Low and unsteady economic growth rates and strategies for fostering growth are major issues of concern for Cameroon. The paper attempted to investigate the effects of remittances on the economic growth of Cameroon. To achieve the objective for a clearer understanding of the dynamics of migrant remittances in relation to economic growth in Cameroon, the least squares method of multiples regression was exploited to analysze data collected from 1980 to 2013. The results revealed that migrant remittances to the tune of 1.5% positively but insignificantly explained economic growth in Cameroon.Further, consumption expenditure; government expenditure and exports were found to positively but significantly explain growth while investment expenditure was found to positively but insignificantly determine growth. Only imports alone stood to negatively and significantly influence economic growth in Cameroon.The value of R-squared Adjusted showed that 85% of variation in GDP was explained by variations in the independent variables specified in the model.

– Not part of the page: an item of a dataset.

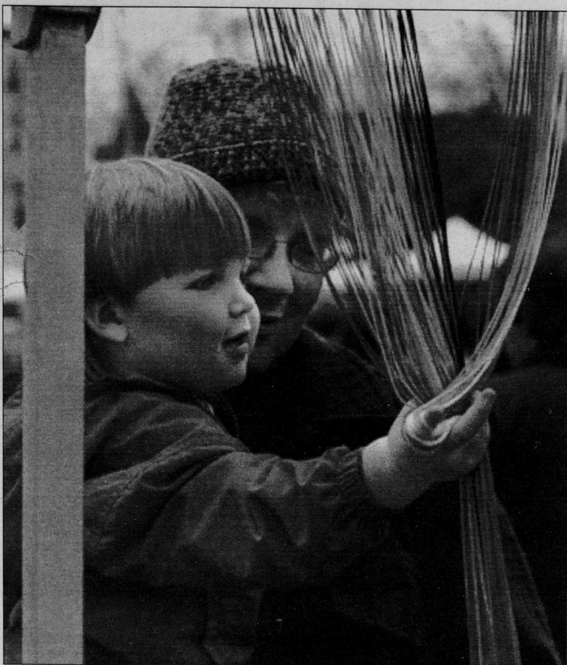
A sign reading 'Please Touch' accompanies this stand that attracts the curious to play with its rainbow strands.

Therefore, any policy measure aimed at improving upon the level of economic growth in Cameroon must give consideration to migrant remittances.

Suggested Citation

  • Moses A. Ofeh & Ali T. Muandzevara, 2017. "Investigating the Effects of Migrant Remittances on the Economic Growth of Cameroon," International Journal of Economics and Finance, Canadian Center of Science and Education, vol. 9(2), pages 58-69, February.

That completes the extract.